#### What you need to do
Using the material below, repeat exactly the lines from the one with "2025年70万以上超豪华轿" through the one with "バッテリーの最大容量も76%まで低下していました。", ends included, without any images.

#### Records for this exercise
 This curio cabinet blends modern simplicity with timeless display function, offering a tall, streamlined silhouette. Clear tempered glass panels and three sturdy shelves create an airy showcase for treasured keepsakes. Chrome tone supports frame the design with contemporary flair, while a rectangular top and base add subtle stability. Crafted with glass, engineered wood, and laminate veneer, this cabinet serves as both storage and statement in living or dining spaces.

---

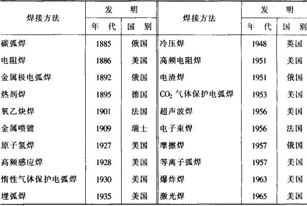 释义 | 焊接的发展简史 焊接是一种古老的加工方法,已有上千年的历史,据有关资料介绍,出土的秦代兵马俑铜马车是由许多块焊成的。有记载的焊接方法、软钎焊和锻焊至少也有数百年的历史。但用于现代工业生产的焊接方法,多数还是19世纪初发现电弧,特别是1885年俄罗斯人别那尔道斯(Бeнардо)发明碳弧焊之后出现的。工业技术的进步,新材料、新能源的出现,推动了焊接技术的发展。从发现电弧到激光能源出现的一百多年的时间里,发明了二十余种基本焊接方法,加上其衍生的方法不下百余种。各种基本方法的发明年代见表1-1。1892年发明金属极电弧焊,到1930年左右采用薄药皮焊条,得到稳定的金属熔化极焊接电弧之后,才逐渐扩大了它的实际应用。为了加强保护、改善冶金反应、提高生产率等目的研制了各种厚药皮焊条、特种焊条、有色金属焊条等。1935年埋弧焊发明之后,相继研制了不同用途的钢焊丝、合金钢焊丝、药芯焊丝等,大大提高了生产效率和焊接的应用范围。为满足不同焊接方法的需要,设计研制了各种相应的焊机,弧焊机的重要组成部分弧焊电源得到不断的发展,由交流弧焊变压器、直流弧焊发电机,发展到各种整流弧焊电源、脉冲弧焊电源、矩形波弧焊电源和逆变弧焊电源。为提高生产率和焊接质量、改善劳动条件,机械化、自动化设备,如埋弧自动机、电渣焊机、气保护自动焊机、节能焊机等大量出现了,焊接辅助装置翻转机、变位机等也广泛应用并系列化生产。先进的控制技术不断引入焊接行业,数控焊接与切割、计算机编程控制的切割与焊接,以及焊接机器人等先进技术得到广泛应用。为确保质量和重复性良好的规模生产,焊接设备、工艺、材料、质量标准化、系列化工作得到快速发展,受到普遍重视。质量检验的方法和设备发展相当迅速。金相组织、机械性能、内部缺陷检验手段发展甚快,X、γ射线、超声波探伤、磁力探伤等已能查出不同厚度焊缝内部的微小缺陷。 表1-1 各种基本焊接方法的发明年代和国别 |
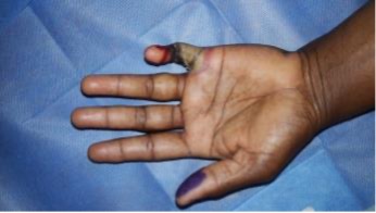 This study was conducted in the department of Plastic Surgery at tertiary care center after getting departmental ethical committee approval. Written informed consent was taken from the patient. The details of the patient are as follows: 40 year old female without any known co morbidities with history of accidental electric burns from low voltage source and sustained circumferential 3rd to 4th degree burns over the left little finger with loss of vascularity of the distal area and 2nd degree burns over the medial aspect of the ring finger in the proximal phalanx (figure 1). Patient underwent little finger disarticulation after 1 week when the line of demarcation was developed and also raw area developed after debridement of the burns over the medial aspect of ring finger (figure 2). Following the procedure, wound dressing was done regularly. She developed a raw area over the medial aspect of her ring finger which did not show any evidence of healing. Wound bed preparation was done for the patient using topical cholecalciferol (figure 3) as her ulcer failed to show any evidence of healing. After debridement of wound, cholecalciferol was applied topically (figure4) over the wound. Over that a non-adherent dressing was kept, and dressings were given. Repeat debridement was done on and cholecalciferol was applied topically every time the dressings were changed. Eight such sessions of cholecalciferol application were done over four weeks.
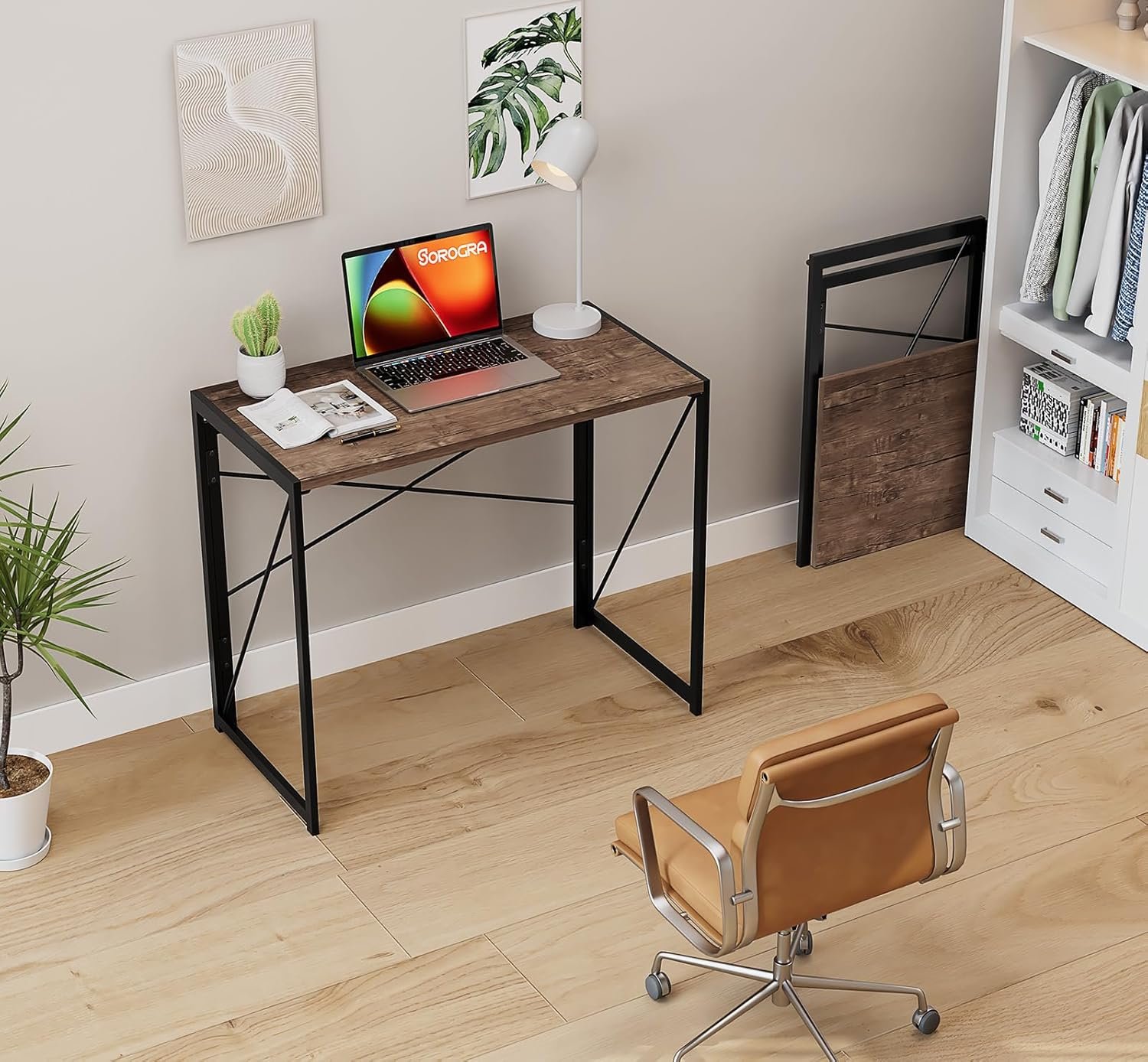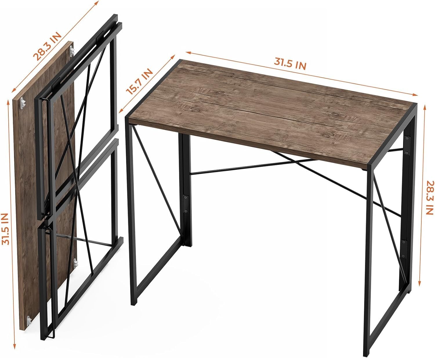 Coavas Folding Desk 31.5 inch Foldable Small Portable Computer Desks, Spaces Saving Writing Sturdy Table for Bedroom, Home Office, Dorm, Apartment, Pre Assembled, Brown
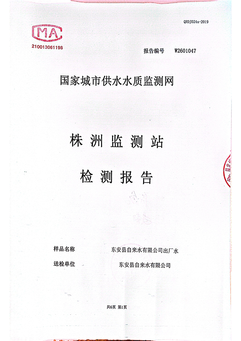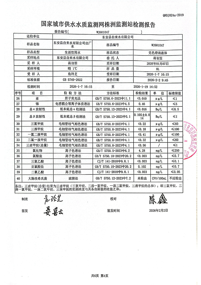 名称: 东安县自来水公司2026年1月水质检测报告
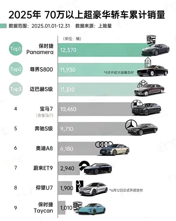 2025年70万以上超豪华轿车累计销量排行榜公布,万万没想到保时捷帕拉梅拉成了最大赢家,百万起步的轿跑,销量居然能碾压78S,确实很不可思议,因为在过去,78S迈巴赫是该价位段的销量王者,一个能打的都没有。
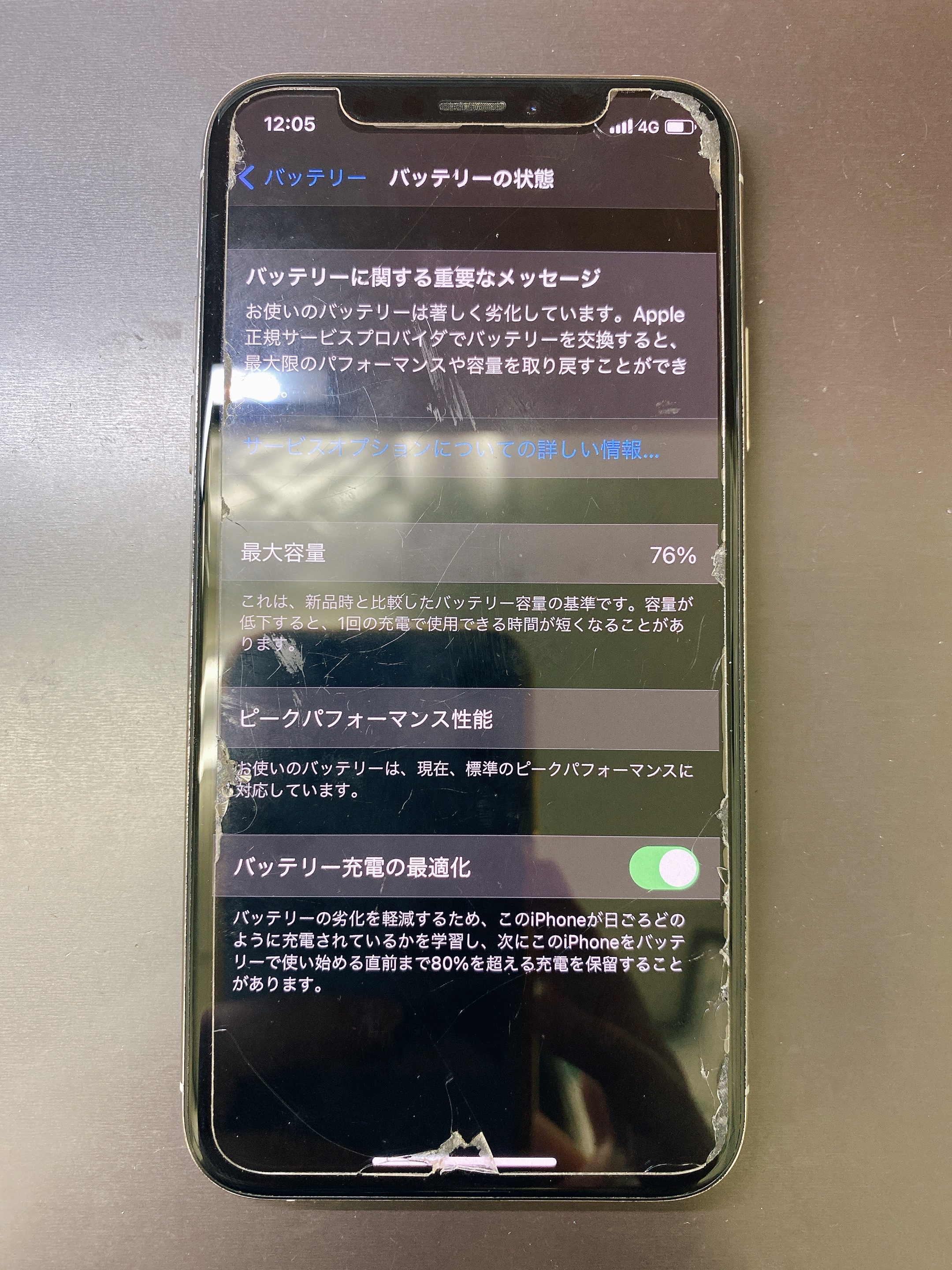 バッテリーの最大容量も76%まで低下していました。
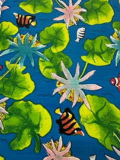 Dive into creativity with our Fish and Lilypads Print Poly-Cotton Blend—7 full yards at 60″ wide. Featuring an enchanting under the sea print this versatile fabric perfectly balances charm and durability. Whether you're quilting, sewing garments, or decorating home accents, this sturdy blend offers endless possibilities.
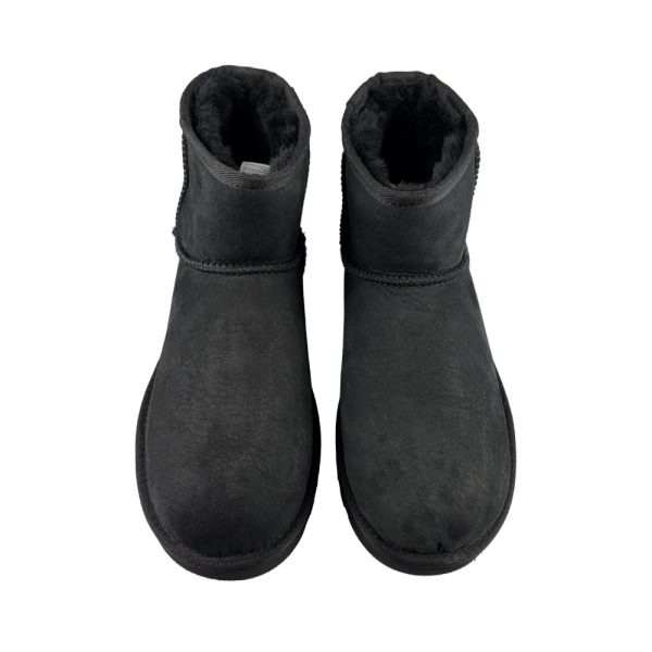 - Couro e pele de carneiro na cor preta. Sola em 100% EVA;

#### Task answer
 2025年70万以上超豪华轿车累计销量排行榜公布,万万没想到保时捷帕拉梅拉成了最大赢家,百万起步的轿跑,销量居然能碾压78S,确实很不可思议,因为在过去,78S迈巴赫是该价位段的销量王者,一个能打的都没有。
 バッテリーの最大容量も76%まで低下していました。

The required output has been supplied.